1651. Baxter, Inf. Bapt., 153. How could the Sponsors be indangered while there were Parents?
a. 1700. Evelyn, Diary, 6 Oct. 1687. I was godfather to Sir John Chardins sonn . The Earle of Bath and Countesse of Carlisle, the other Sponsors.
1737. Gentl. Mag., VII. 21/1. It is well known, that the Business of Sponsors at Baptism is in general brought to a very scandalous Pass.
1807. Crabbe, Par. Reg., III. 959. Here, with an infant, joyful sponsors come.
1850. R. I. Wilberforce, Holy Baptism, 103. The practice of requiring sponsors at Baptism is of ancient date.

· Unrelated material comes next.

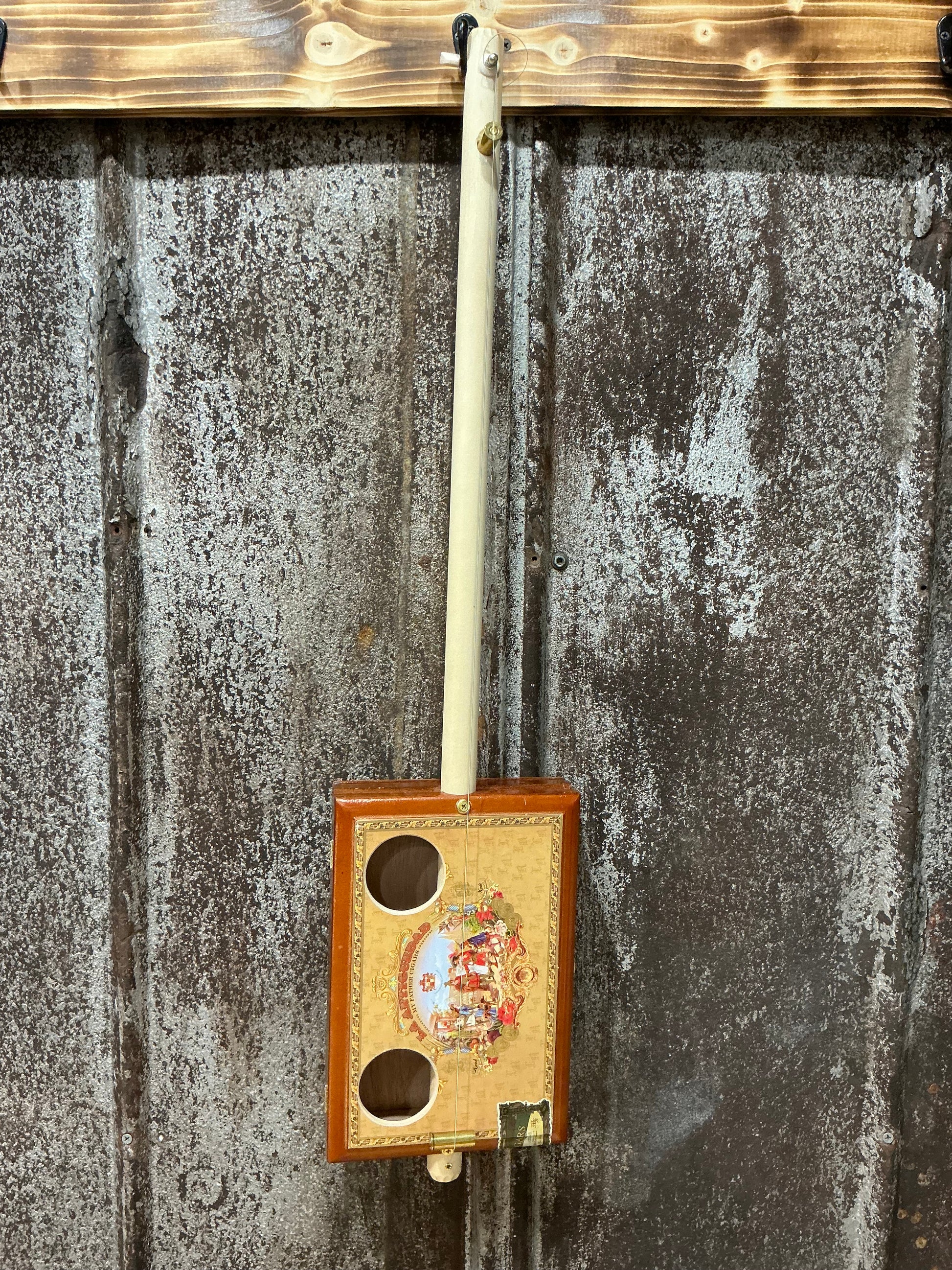 Smoky Mountain Bullet Banjos are unique, one-of-a-kind simple music acoustic banjos that make great campfire companions. These single string musical instruments are made out of genuine cigar boxes and only has one string, which makes them perfect for beginners to experts. And best of all, every banjo comes ready to play and display right out of the box with a 3D printed stand, a glass finger slide, and a pick.

1907. Verney Mem., II. 237. When her daughter was born nothing would satisfy Lady Abdy but that Sir Ralph should stand sponsor.
fig. 1848. Thackeray, Van. Fair, xxxiii. His Lordship was a credit to his political sponsor.

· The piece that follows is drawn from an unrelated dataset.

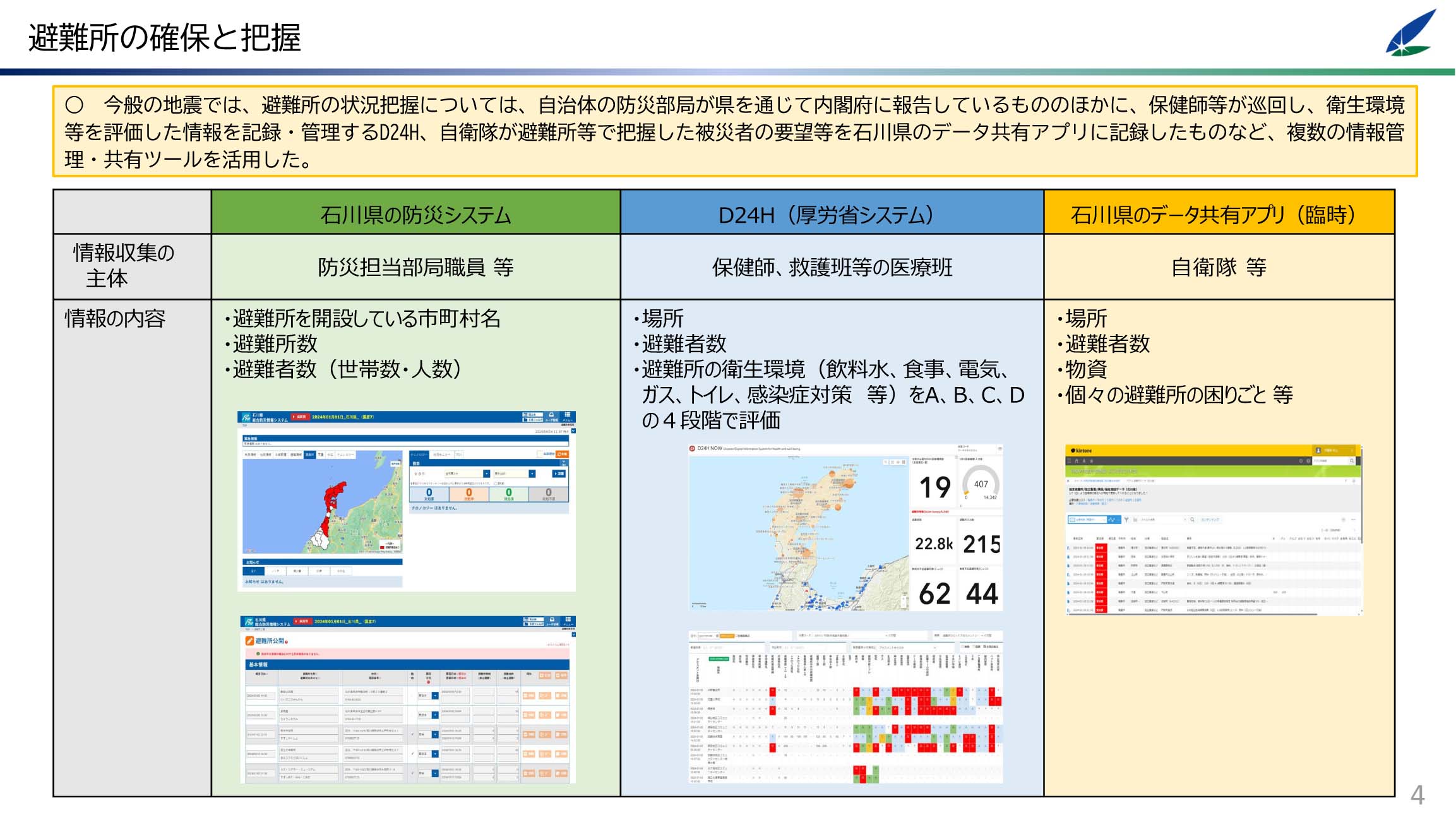 災害に対しては、十二分な事前対策を講じる必要があり、想定を超える避難者が生じる恐れがあるため、例えばあらかじめ避難所を多めに指定しておくことや、能登半島地震のような臨時の避難所が開設された際にどのように把握するかということ、また県又は市区町村の防災システムにどのように臨時避難所を追加するかという想定を事前に行っておくことが重要です。

2. One who enters into an engagement, makes a formal promise or pledge, on behalf of another; a surety.
1677. Miége, Fr. Dict., II. Sponsor, or surety that undertaketh for another.
1681. J. Scott, Chr. Life, I. iv. (1684), 207. Our Mediator is called the Sponsor, or Surety of a better Covenant.
1741. C. Middleton, Cicero, VIII. II. 197. Magius, oppressed with debts, had been urging Marcellus, who was his sponsor for some part of them, to furnish him with money to pay the whole.
1800. Asiat. Ann. Reg., V. 58/1. Sponsors also are of two kinds, one for appearance, the other for payment.
1864. D. G. Mitchell, Sev. Stor., 107. I found it requisite to become sponsor for his good conduct.
1880. Muirhead, Gaius, III. § 118. The positions of sponsor and fidepromissor are much the same. Ibid., Dig. 535. All who failed to relieve sponsors (sureties) who had paid for them.
b. One who stood surety for the appearance and good faith of either party in a trial by combat.
1825. Scott, Talism., xxviii. The sponsors of both champions went, as was their duty, to see that they were duly armed, and prepared for combat. Ibid. The sponsors, heralds, and squires now retired to the barriers.
3. transf. Of things (after sense 1 or 2).
1846. Landor, Hellenics, Wks. II. 486. We are what suns and winds and waters make us; The mountains are our sponsors.
1870. Emerson, Soc. & Solit., Wks. (Bohn), III. 134. All the good days behind him are sponsors, who speak for him.
1889. Gretton, Memorys Harkback, 233. In Essex, especially, the aguish climate stood sponsor for the absence of clerics as a rule.